Paul was almost fully dressed when Linda joined me in the nursery. As she’d promised, she was clutching her black and white Polaroid camera. The Polaroid, back then, was a very newfangled
thing, which actually took photos
and
developed them all at once. She had kindly offered to take his picture for me, as she had for Mary. While I untied the blue weight chart from the bars
of his cot and slipped it into my bag, she took the photograph and pulled it out of the front of the camera.

We huddled close as the image started to develop out of the blackness. ‘Take good care of it, mind,’ she said as she handed it to me. ‘Or it’ll scratch. And don’t
put it in your bag until it’s completely dry, or it might stick itself to something and be ruined. Here,’ she said, tears welling in her eyes, ‘let me take it. You’ve little
Paul to hold, haven’t you?’

She carried my bag too, and together we made our way out into the hallway. I could see from a small window that the car had already arrived. At almost that exact moment, Sister Teresa appeared
from the dining room and called to me to hurry up.

Linda helped me, carrying my holdall out to the car, with me following behind, Paul in my arms. Our goodbye was tearful but hurried; even as we embraced, I could hear Sister Teresa telling her
to go back inside.

I got in the car then, still carefully clutching my baby and my damp photo. My last view of Loreto Convent was a glimpse of Sister Teresa’s swishing habit as the heavy wooden door closed
behind her. I hugged Paul tight to my chest as the car crunched over the gravel and away.

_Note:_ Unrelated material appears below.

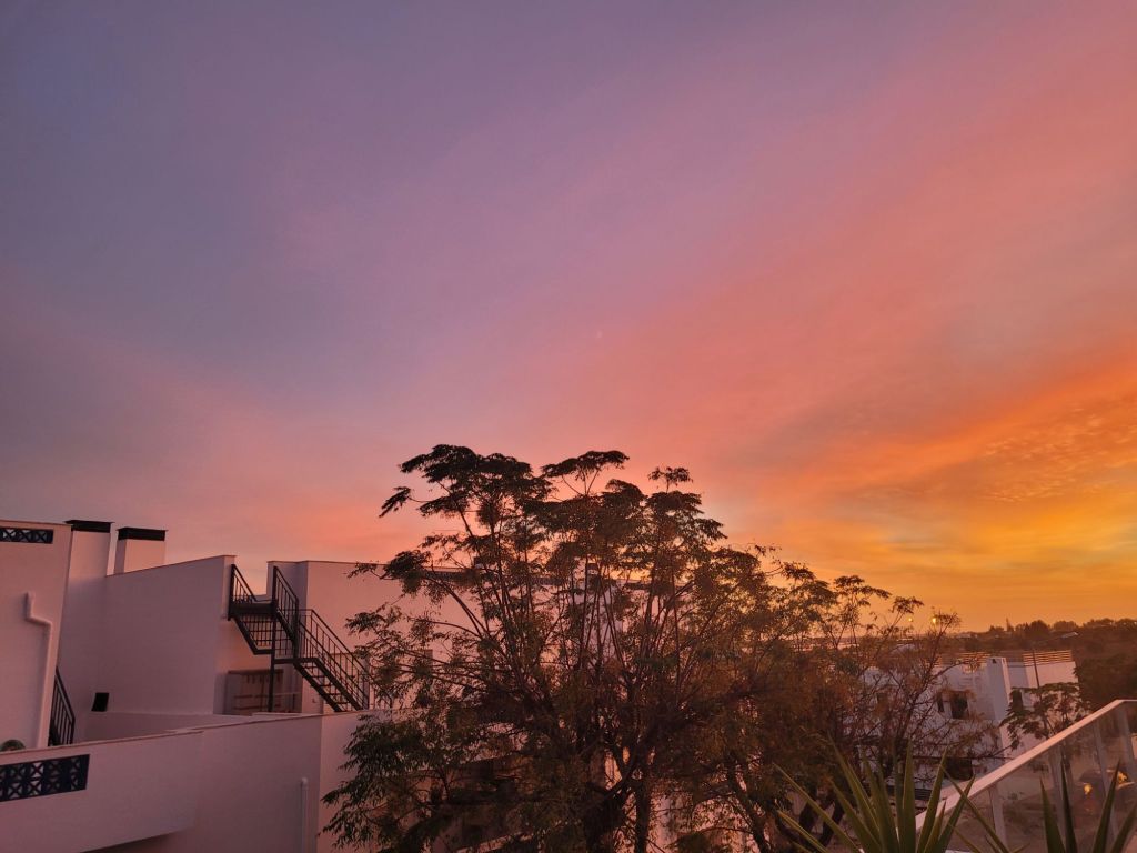 Första kvällen blev det Indiskt, alltid ett säkert kort. Indian Nights. En vacker solnedgång hann jag fånga på en kvällspromenad.

The time for prayers was finally over.

My precious photo of Paul as a baby.

Chapter Ten

T
he offices of the Crusade of Rescue, the charity that had organised Paul’s adoption and were today going to carry it out, were based at 73
St Charles Square, in Ladbroke Grove, West London, and the journey, the driver told me, would take around an hour and a half. The full name of the organisation was even more emotive: written
properly, as it had been on the papers I’d signed for the Reverend Mother, it read ‘The Crusade of Rescue and Homes for Destitute Catholic Children’ – which said it all,
really. I had needed rescuing from mortal sin, and they were now about to do that, and my baby, nestled in my arms and sleeping peacefully, would surely have been destined to become destitute were
it not for their kind and timely intervention.

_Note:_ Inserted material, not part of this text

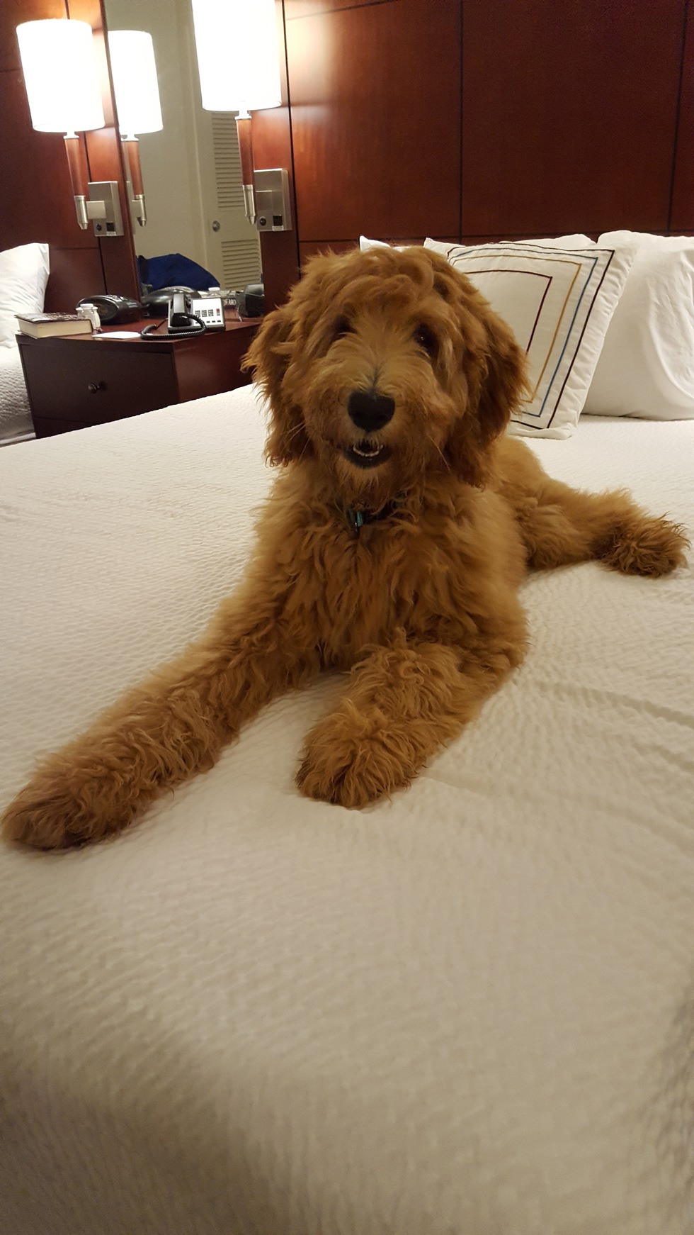 Your Pet's Story or BioWe had lost our beloved wire haired fox terrier to kidney disease recently . Our Alexandria home felt hollow and so empty without her. We remarkable choose to have a Goldendoodle pup from Alabama to become a member of our family. Having a 5 month old puppy that grows by the day has been nothing less than a grand adventure! She is expected to double in size or even larger! This wonderful dog continues to surprise us while bring us a sense of joy.

They meant well, I was sure, and had only the best of intentions. They were, after all, operating in a very different world to the one in which we live now: a world in which the contraceptive
pill wasn’t yet generally available and countless women risked their lives – and sometimes lost them – having crude backstreet abortions; anything was preferable to being pregnant
and unmarried, or married but pregnant by another man. For those girls for whom illegal abortion was not an option – girls like me, practising Catholics – the only alternative was to
give the baby up. And if that
was
your only option, which it mostly was, then it was important to be sure that the new parents would be people you could trust to do right by your child and
bring up him or her according to your faith.

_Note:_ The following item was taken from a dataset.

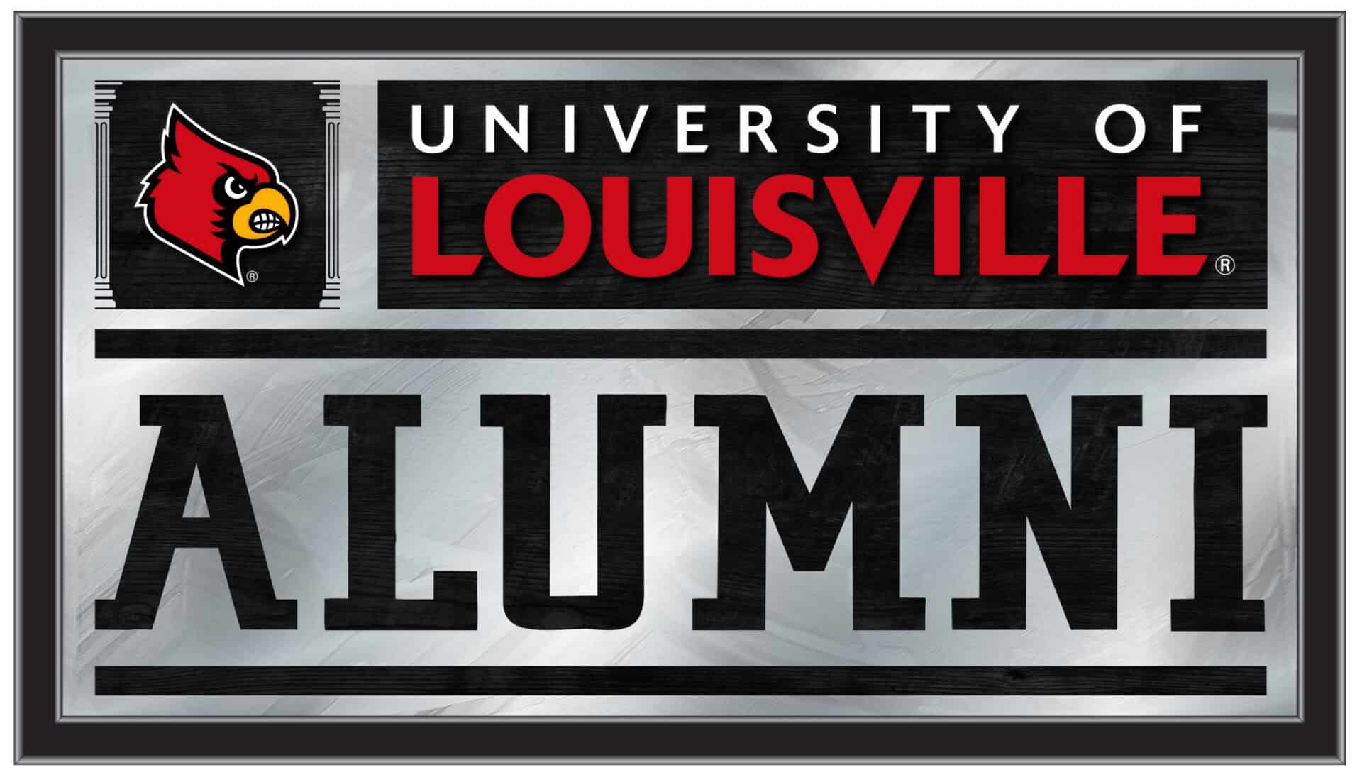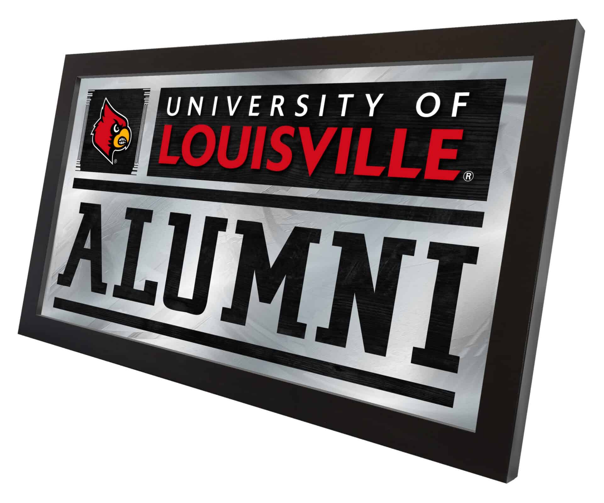 Show your school pride with the University of Louisville 26×15 Alumni Wall Mirror. This mirror features a simple yet elegant design, where your school colors burst through the 1/8″ thick glass, enhanced by mirrored accents. The mirror is framed with a sturdy black, 1 1/4″ wrapped wood frame and includes saw tooth hangers for easy installation. Measuring 26″ in height and 15″ in width, it’s perfect for your office, garage, or any room in your home. Whether you’re gifting it to a recent graduate or adding it to your own decor, this mirror is a stylish way to showcase your alumni spirit.

Perhaps, my addled brain kept suggesting, they wouldn’t like him. Perhaps they would take against him, for some reason or other, and what was surely going to happen wouldn’t happen
after all.

But still we journeyed on, getting closer to our destination. I had no idea where in London we were going, what route we were taking, or what was going to happen when we got there. I felt as I
had during the latter stages of my pregnancy: unable to focus on the reality of what was happening, and drifting off and creating ridiculous scenarios in which my fate would be different.

I had prayed so hard, as I had never prayed before, to God and the Virgin Mary, to Jesus, St Anthony and St Teresa, pleading with all of them to show me some mercy and find another way for me to
pay for what I’d done. I didn’t care what. Nothing could hurt me more than separation from my son. Any fate, any punishment would have been preferable to this one. To have this baby,
my
baby, taken away from me would be an enduring punishment. I couldn’t see a future in which I would be healed of the pain. But my prayers had not been answered, so today I had to
give him up, and all I could do was try to bear it.